Between December 2024 and July 2025, attackers exploited two critical vulnerabilities in Ivanti Connect Secure (ICS) appliances: CVE‑2025‑0282 and CVE‑2025‑22457. These flaws allowed unauthenticated attackers to execute arbitrary code remotely, effectively turning vulnerable servers into hosts for malware. The first vulnerability was patched by Ivanti in January 2025, followed by the second in April 2025.
Introducing MDifyLoader and In-Memory Cobalt Strike
Researchers from JPCERT/CC discovered that attackers deployed a custom loader named MDifyLoader, built on the open-source libPeConv project. This loader decodes and runs an encrypted Cobalt Strike beacon directly in memory, specifically version 4.5 from December 2021, without writing anything to disk.
DLL Side-Loading Amplifies Infection
The infection technique used is DLL side-loading. Attackers placed malicious DLLs next to legitimate executables. When those executables ran, they unknowingly triggered the rogue DLLs, which activated MDifyLoader and injected the Cobalt Strike beacon into memory.
Additional Go-Built Tools: VShell and Fscan
Two additional Go-based tools were also found in the attack chain: VShell, a remote access utility, and Fscan, a network scanner. Both tools were loaded using DLL side-loading and played key roles in post-exploitation stages.
A peculiar observation: VShell checked whether the system locale was set to Chinese before executing. Attackers repeatedly uploaded new versions of VShell to bypass this check, suggesting they may have left a developer-only language flag active by mistake.
From Breach to Persistence: How Attackers Moved
Once inside the network, the attackers got aggressive:
- Launched brute-force attacks on FTP, MS-SQL, and SSH servers
- Attempted to exploit EternalBlue (MS17-010) for lateral movement
- Created new domain accounts and quietly added them to active groups to maintain access even if old credentials were revoked
To make sure they stayed inside, they also registered malware as system services or scheduled tasks, ensuring it would run at startup or under specific conditions.
What This Really Means
This isn’t just a one-off exploit. It’s a full attack chain that leverages unpatched ICS devices to inject loaders, execute in-memory payloads, and persist inside networks. The use of DLL side-loading and memory-only tools is part of a growing trend toward stealth attacks built to bypass antivirus software and avoid disk-based detection.
What Organizations Should Do
- Patch ICS appliances immediately. Both CVE‑2025‑0282 and CVE‑2025‑22457 are being actively exploited.
- Strengthen internal security, especially around credential hygiene and lateral movement prevention.
- Use EDR tools capable of detecting in-memory activity to hunt for suspicious DLLs and Cobalt Strike beacons.

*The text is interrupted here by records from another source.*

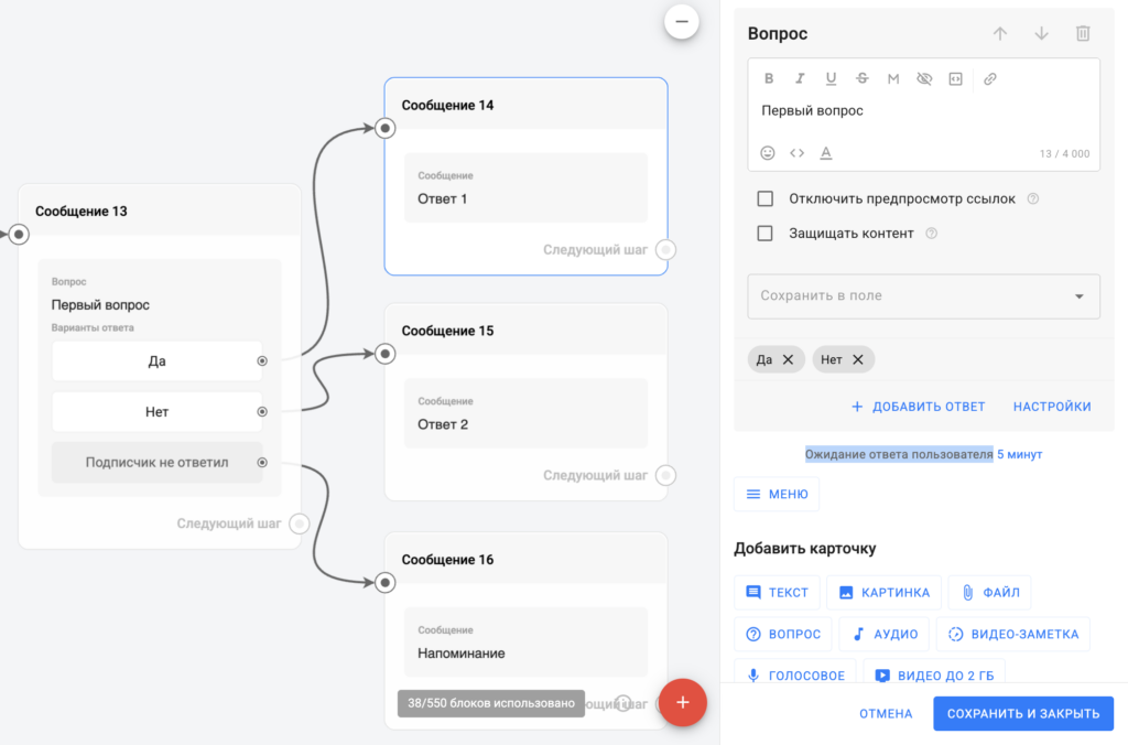 ❌ Карточка «Вопрос» в шаге «Сообщение» уже сама ждёт ответа пользователя столько, сколько вы указали в ее настройках.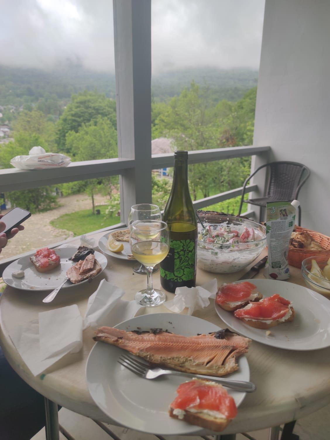Автор: СтаргородскийНу вот примерно так. Позабавила кошачья бригала, кошки - как на подбор - рыжая, черепаховая маленькая, но очень красивая, вислоухая - абсолютно флегматичная, черная - лазила к нам на балкон по стенке, очень вежливо садилась в уголке и ждала, пока ей положат чего-нибудь вкусного. Форель сьела прямо с головой и хребтом ))))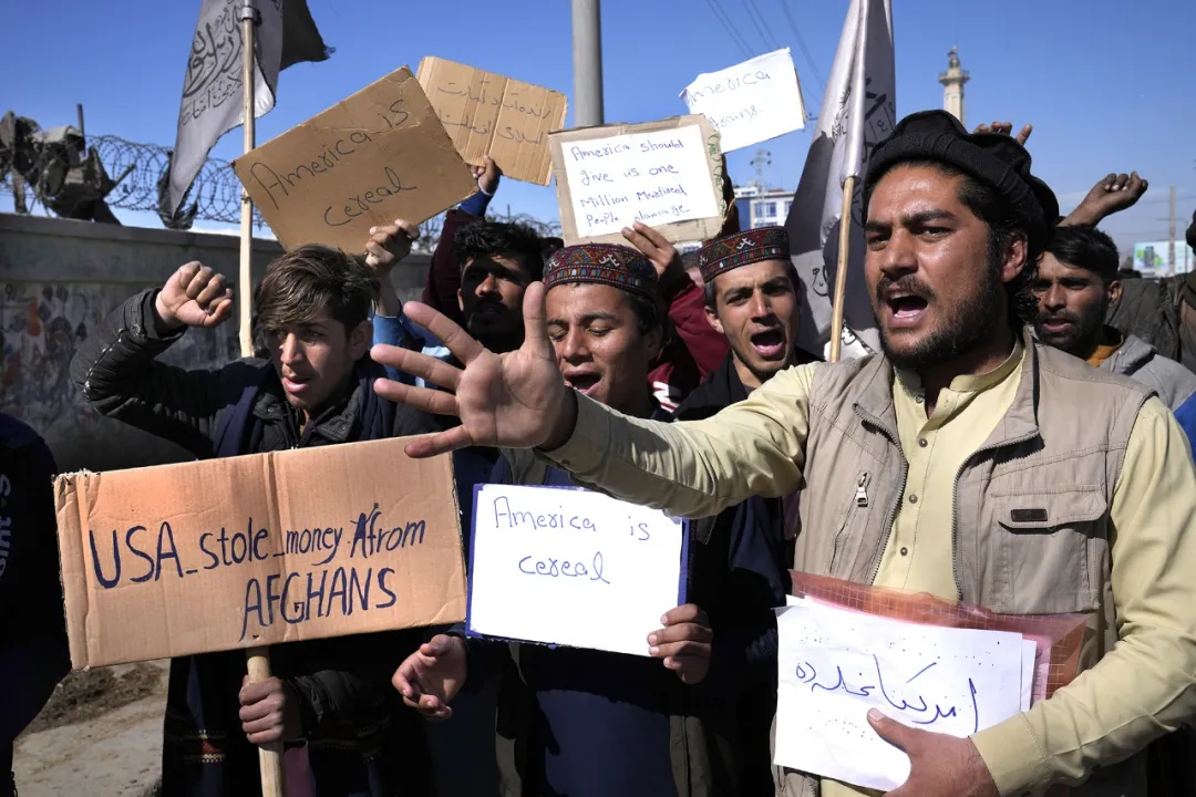 ▲2022年2月15日,數千名喀布爾民眾舉行示威活動,抗議美國掠奪阿富汗資產,譴責美國的舉動是公開盜竊。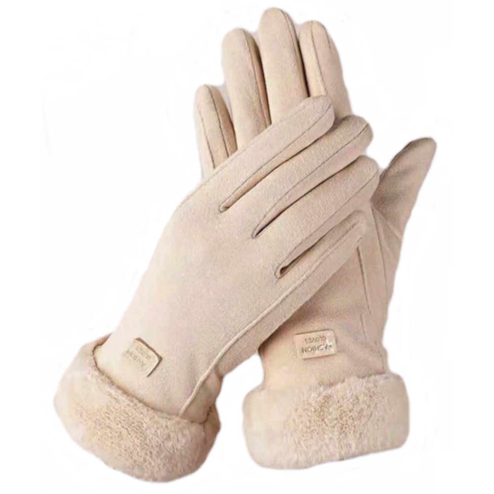 DAMSKIE RĘKAWICZKI ZIMOWE BEŻOWE OCIEPLANE KOŻUSZEK ELEGANCKIE DLA NIEJ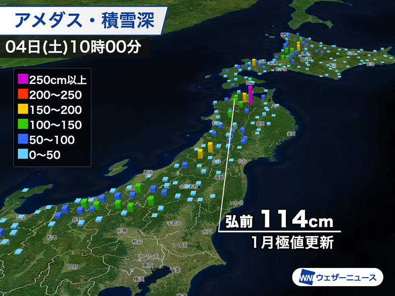 青森県弘前市では昨夜から10cm以上新たな雪が降り、今日10時で積雪が114cmに達しています。

- Review scheduled tasks and service registrations that might indicate unauthorized persistence.
Closing Thoughts
Attackers are evolving. These are no longer simple phishing attacks or firewall breaches. The use of ICS flaws and side-loading is part of a broader move toward stealthy, embedded intrusions. With these zero-days now out in the open and being exploited, it’s only a matter of time before copycat attacks ramp up. The window to act is short. Patch fast and tighten your defenses.